The second stage of stretching was performed between the second stretching rollers heated to ° C. The next Nelson roller was used without heating. The discharge amount was adjusted so that the fineness of the wound yarn was 560 dtex, and the two yarns were combined to give a total fineness D of 1120 dtex.
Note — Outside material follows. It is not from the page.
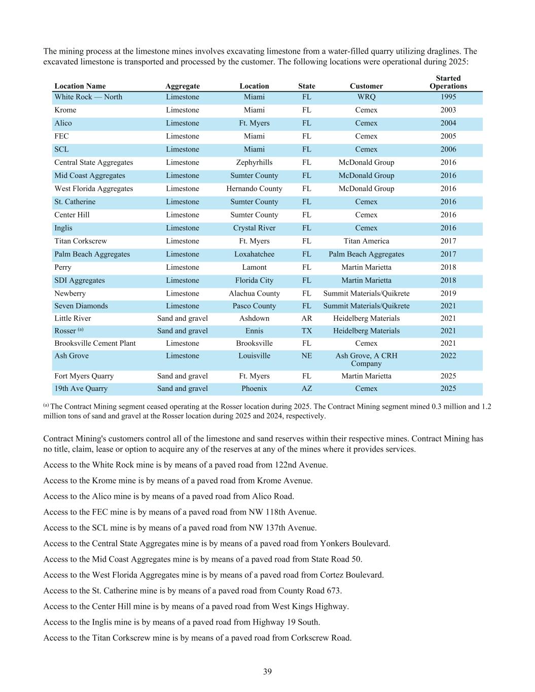 The mining process at the limestone mines involves excavating limestone from a water-filled quarry utilizing draglines. The excavated limestone is transported and processed by the customer. The following locations were operational during 2025: Location Name Aggregate Location State Customer Year NACCO Started Operations White Rock — North Limestone Miami FL WRQ 1995 Krome Limestone Miami FL Cemex 2003 Alico Limestone Ft. Myers FL Cemex 2004 FEC Limestone Miami FL Cemex 2005 SCL Limestone Miami FL Cemex 2006 Central State Aggregates Limestone Zephyrhills FL McDonald Group 2016 Mid Coast Aggregates Limestone Sumter County FL McDonald Group 2016 West Florida Aggregates Limestone Hernando County FL McDonald Group 2016 St. Catherine Limestone Sumter County FL Cemex 2016 Center Hill Limestone Sumter County FL Cemex 2016 Inglis Limestone Crystal River FL Cemex 2016 Titan Corkscrew Limestone Ft. Myers FL Titan America 2017 Palm Beach Aggregates Limestone Loxahatchee FL Palm Beach Aggregates 2017 Perry Limestone Lamont FL Martin Marietta 2018 SDI Aggregates Limestone Florida City FL Martin Marietta 2018 Newberry Limestone Alachua County FL Summit Materials/Quikrete 2019 Seven Diamonds Limestone Pasco County FL Summit Materials/Quikrete 2021 Little River Sand and gravel Ashdown AR Heidelberg Materials 2021 Rosser (a) Sand and gravel Ennis TX Heidelberg Materials 2021 Brooksville Cement Plant Limestone Brooksville FL Cemex 2021 Ash Grove Limestone Louisville NE Ash Grove, A CRH Company 2022 Fort Myers Quarry Sand and gravel Ft. Myers FL Martin Marietta 2025 19th Ave Quarry Sand and gravel Phoenix AZ Cemex 2025 (a) The Contract Mining segment ceased operating at the Rosser location during 2025. The Contract Mining segment mined 0.3 million and 1.2 million tons of sand and gravel at the Rosser location during 2025 and 2024, respectively. Contract Mining's customers control all of the limestone and sand reserves within their respective mines. Contract Mining has no title, claim, lease or option to acquire any of the reserves at any of the mines where it provides services. Access to the White Rock mine is by means of a paved road from 122nd Avenue. Access to the Krome mine is by means of a paved road from Krome Avenue. Access to the Alico mine is by means of a paved road from Alico Road. Access to the FEC mine is by means of a paved road from NW 118th Avenue. Access to the SCL mine is by means of a paved road from NW 137th Avenue. Access to the Central State Aggregates mine is by means of a paved road from Yonkers Boulevard. Access to the Mid Coast Aggregates mine is by means of a paved road from State Road 50. Access to the West Florida Aggregates mine is by means of a paved road from Cortez Boulevard. Access to the St. Catherine mine is by means of a paved road from County Road 673. Access to the Center Hill mine is by means of a paved road from West Kings Highway. Access to the Inglis mine is by means of a paved road from Highway 19 South. Access to the Titan Corkscrew mine is by means of a paved road from Corkscrew Road. 39

The single fiber fineness d is 9.3 dtex.

The evaluation results of the hollow fibers thus obtained are shown in Table 1.

Comparative Example 1 had a low hollow ratio and poor bulkiness, and Comparative Example 2 had a too high hollow ratio and a high hollow defect ratio, but the hollow ratio was within the range of the present invention. All of them were good ones having low physical properties and a low hollow defect ratio.

[0033]

[Table 1] [Example 5 and Comparative Examples 3 and 4] In Example 1, 560 dtex-60F fiber was used in Comparative Example 3 without doubling.
Was similarly evaluated.

Further, in Example 1, the discharge amount was changed to 280 dtex and 420 dtex, and four ply yarns and three ply yarns were used to make 1120 dtex and 1260 dtex, respectively.
The same evaluation was performed as Comparative Example 4 and Example 5 respectively. Table 2 shows the results.

[0035]

[Table 2]

[0036]

According to the present invention, there is provided a high-strength high-hollow thermoplastic synthetic fiber having excellent bulkiness and high strength and elastic modulus.

Claims (2)

[Claims] 1. A high-strength, high-hollow, thermoplastic synthetic fiber comprising a thermoplastic polymer, having the characteristics of (1) to (6) and being non-crimpable. . (1) 10 ≤ P ≤ 50 (2) D ≥ 600 (3) d ≥ 5 (4) T ≥ 6 (5) Y ≥ 80 (6) To ≥ 100 (where P is the hollow ratio (%), D Is the total fineness (dte
x) and d are single yarn fineness (dtex), T is breaking strength (cN
/ Dtex), Y is Young's modulus (cN / dtex), To
Is toughness (cN ·% / dtex) 2. The high-strength high-hollow thermoplastic synthetic fiber according to claim 1, wherein the thermoplastic polymer is a polyester.